To test this, we standardize our estimate:
\[ z = \frac{\hat\theta - 0}{SE(\hat\theta)} \]
Why do this?
- By the CLT, \(\hat\theta\) is approximately Normally distributed in large samples.
- Under the null hypothesis, that Normal distribution is centered at 0.
- If we divide by the standard error, we put the statistic on a standard scale, so under \(H_0\) the test statistic is approximately distributed as \(N(0,1)\).
- Once we know the null distribution, we can compute a p-value.

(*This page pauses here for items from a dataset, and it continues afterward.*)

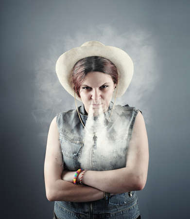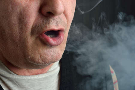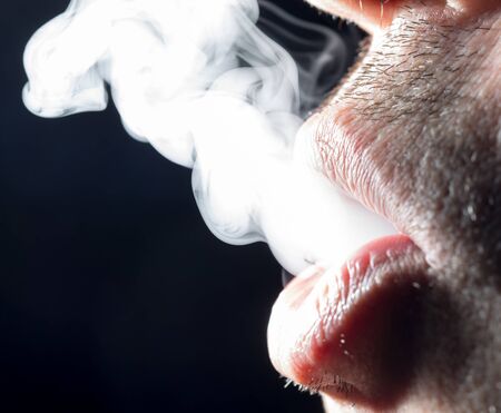 Man smokes cigarette and and releases smoke in a studio - photography of unhealthy addiction. Lifestyle and health. Lights and shadows
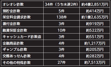 これまでは高齢者を中心に「還付金詐欺」や「オレオレ詐欺」などの被害が発生していましたが、被害者の年齢層が変わってきています。「オレオレ詐欺」や「架空料金請求詐欺」の被害者の年齢層が高齢者以外に20代や30代の若い世代にも広がっています。幅広い年代での被害が増加していることから、特殊詐欺の手口が巧妙化しており、犯人側と接触してしまえば、誰もがだまされる恐れがあるということを意味します。
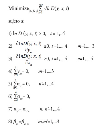 La resolución de la ecuación 8 en este trabajo se realizó mediante un método no paramétrico de determinación de eficiencia, llamado Método Envolvente de Datos (DEA por sus siglas en inglés: Data Envelopment Analysis) (Coelli, Rao y Battese 1998; Fare, Grosskopf y Knox, 1994), para lo cual se desarrolló un código en hoja de cálculo Excel. Es así que programación matemática es utilizada para estimar los parámetros de la función de distancia no estocástica mostrada en la ecuación (8). La técnica fue inicialmente utilizada por Aigner y Chu (1968) y radica en minimizar la suma de las desviaciones de los valores de la función, de la frontera desconocida que está siendo estimada (desviaciones de la unidad). Restricciones de desigualdad se incluyen para representar el tratamiendo asimétrico de los productos deseables y no deseables, de tal manera que las restricciones débiles de desigualdad para la primera derivada de la función de distancia son necesarias. El objetivo del problema es elegir el grupo de parámetros que minimizan la suma de las desviaciones de cero, de los valores logarítmicos de la función de distancia. Las condiciones de monotonicidad, homogeneidad y simetría son impuestas (Hailu y Veeman, 2000), para resolver el siguiente problema:
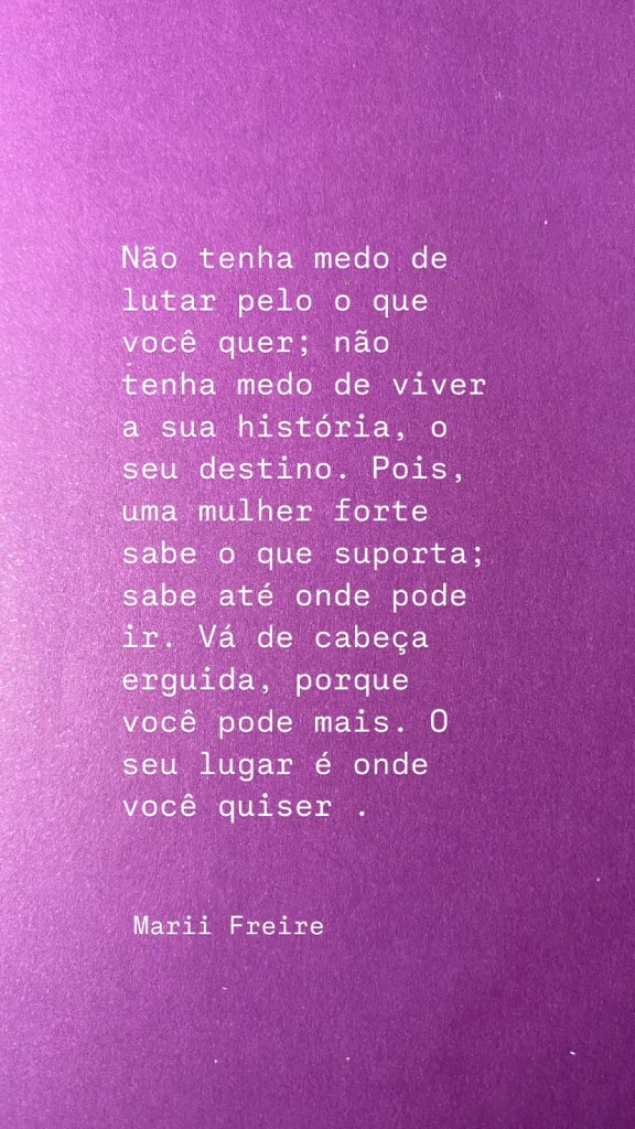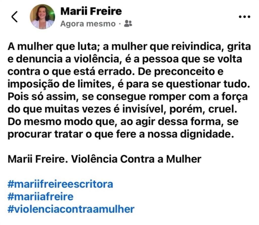 “ Não é porque eu te amo que vou deixar você falar comigo de qualquer forma”; tratar de qualquer maneira. O amor não é o bastante para certificar esse tipo de coisa; nem reprimir as emoções para que cenas de violência se repitam com constância. Veja, se uma mulher sofre violência e se submete a qualquer tipo de situação, o homem a mata – e quaisquer outros tipos de violência. Por isso, o recado que deixo é: diga “ não “ a violência.
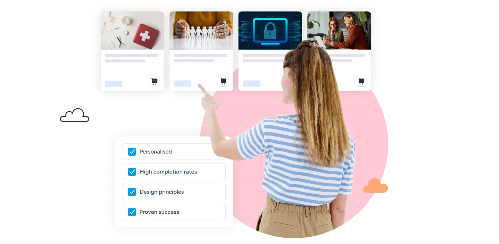 Daarom zijn er SkillsTown Blueprints: een slimme mix van maatwerk en bewezen leeroplossingen. Modules zoals onboarding en security awareness zijn getest door duizenden gebruikers en worden afgestemd op jouw organisatie: herkenbaar, effectief en tot wel 70% goedkoper dan traditioneel maatwerk.
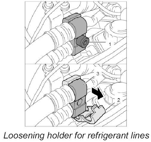 3. Loosen holder for refrigerant lines.
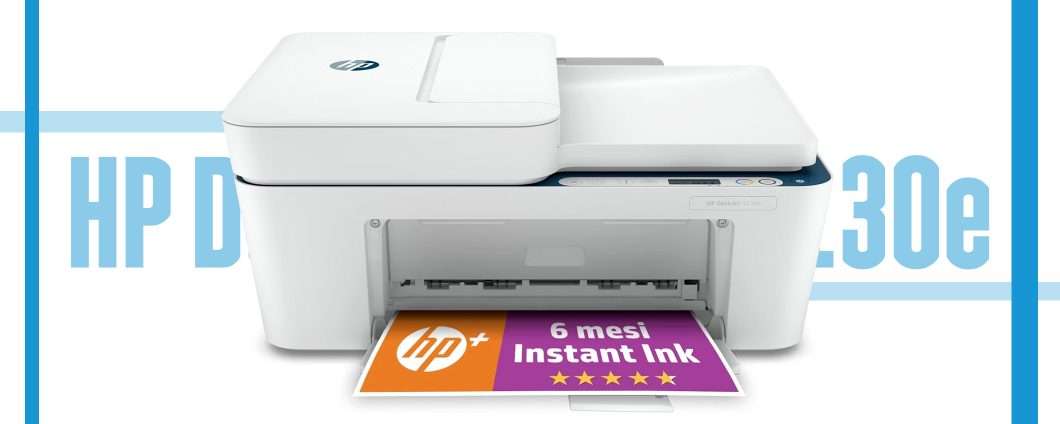 HP DeskJet Plus 4130e è una stampante a getto d’inchiostro con supporto alla connettività Wi-Fi per gestire i documenti senza cavi, anche da smartphone e tablet: oggi è protagonista di un’offerta eBay che permette di acquistarla approfittando di uno sconto del 39% sul prezzo di listino. È incluso nella spesa un abbonamento di sei mesi al servizio HP+ che permette di ottenere cartucce gratis una volta esaurite quelle presenti nella confezione.
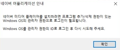 네이버 미디어 플레이어를 설치하려면 프로그램 추가/삭제 권한이 있는 Windows OS의 관리자 권한으로 로그인이 필요합니다. Windows OS를 관리자 권한의 ID로 로그인 후 다시 시도해 주세요.
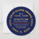 Réunissez vos amis pour assister à ce rare événement en style. Invités Invitations à votre rassemblement avec cette carte ronde unique qui présente une illustration d'une éclipse solaire totale dans les tons colorés de bleu nuit, jaune doré et aqua. L'envers offre de la place pour tous les détails de l'événement - il suffit de changer le texte pour répondre aux besoins de votre propre fête en utilisant les modèles faciles et fournis. Cette carte peut également être utilisée pour n'importe quel rassemblement ou soirée étoilée en astronomie.
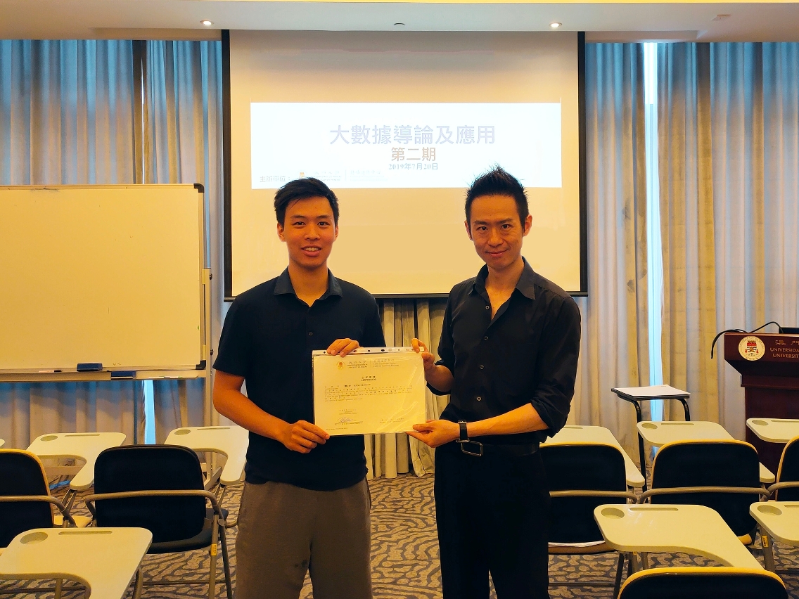 The certificate course was taught by a team of UM veteran faculty members. Through the application of big data for smart city development and case studies on different topics, including finance, law, health care, language and transport, students in the course learned about database management tools, data analysis, and the operation of machine learning tools. With this practical experience, students will be able to provide solutions for big data problems in a real world setting. For more information about the course, please call 8822 4545 or email to cce.enquiry@um.edu.mo.
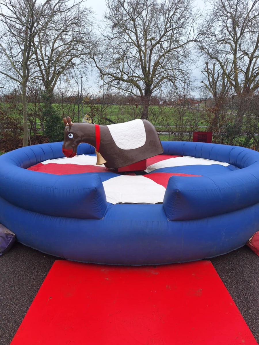 Bring bold, safe, laugh-out-loud entertainment to your event with our Rodeo Reindeer for hire. This festive mechanical ride adds a Christmas twist to classic rodeo action. Hold tight to Rudolf as he bucks and spins. When you fall, you land on a soft bouncy base. Fun for kids and adults. Perfect for parties, corporate events, and shopping-centre light switch-ons. 🎉
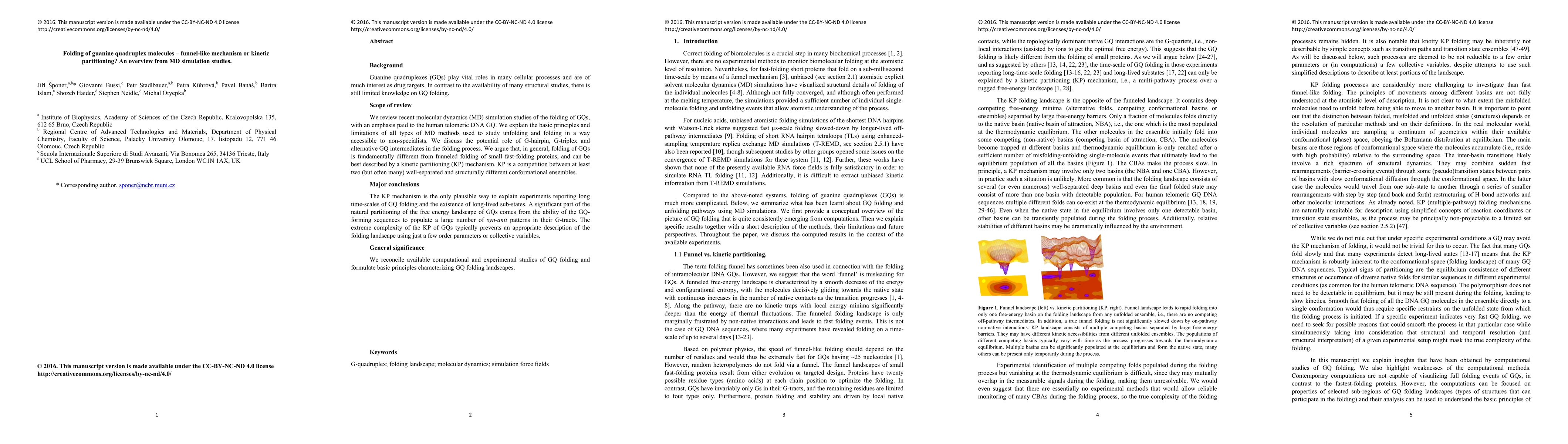 This paper reviews molecular dynamics simulations of guanine quadruplex (GQ) folding, arguing against a funnel-like mechanism and instead supporting a kinetic partitioning (KP) mechanism. The KP mechanism describes GQ folding as a competition between multiple structurally distinct conformations, explaining long folding times and the existence of stable intermediates.

Although people sometimes casually call this a “t-test,” this setup is more naturally viewed as a large-sample z-test. The classical t-distribution arises from Normal data with an estimated variance. Here the outcomes are Bernoulli, not Normal, and the justification comes from the Central Limit Theorem. In large samples, though, the standard Normal and t distributions are very similar, so the practical conclusions are usually the same.
z_stat = theta_hat / analytical_se
p_value = 2 * (1 - norm.cdf(abs(z_stat)))
pd.DataFrame({
"Estimate": [theta_hat],
"SE": [analytical_se],
"z statistic": [z_stat],
"p-value": [p_value]
}).round(5)| Estimate | SE | z statistic | p-value | |
|---|---|---|---|---|
| 0 | 0.006 | 0.01802 | 0.33295 | 0.73917 |
A small p-value means that the observed difference would be unlikely if the true difference were really zero. In that case, we would reject the null hypothesis and conclude that the CTA wording likely affects signup behavior.
The T-Test as a Regression
The two-sample comparison above is mathematically equivalent to a simple linear regression. This is useful because it shows that the same regression tools used elsewhere in applied statistics can also analyze experiments.
To set this up, stack the data into one table with:
- an outcome \(Y_i\) equal to 1 if the visitor signed up and 0 otherwise
- an indicator \(D_i\) equal to 1 if the visitor saw CTA A and 0 if the visitor saw CTA B
Then estimate:
\[ Y_i = \beta_0 + \beta_1 D_i + \varepsilon_i \]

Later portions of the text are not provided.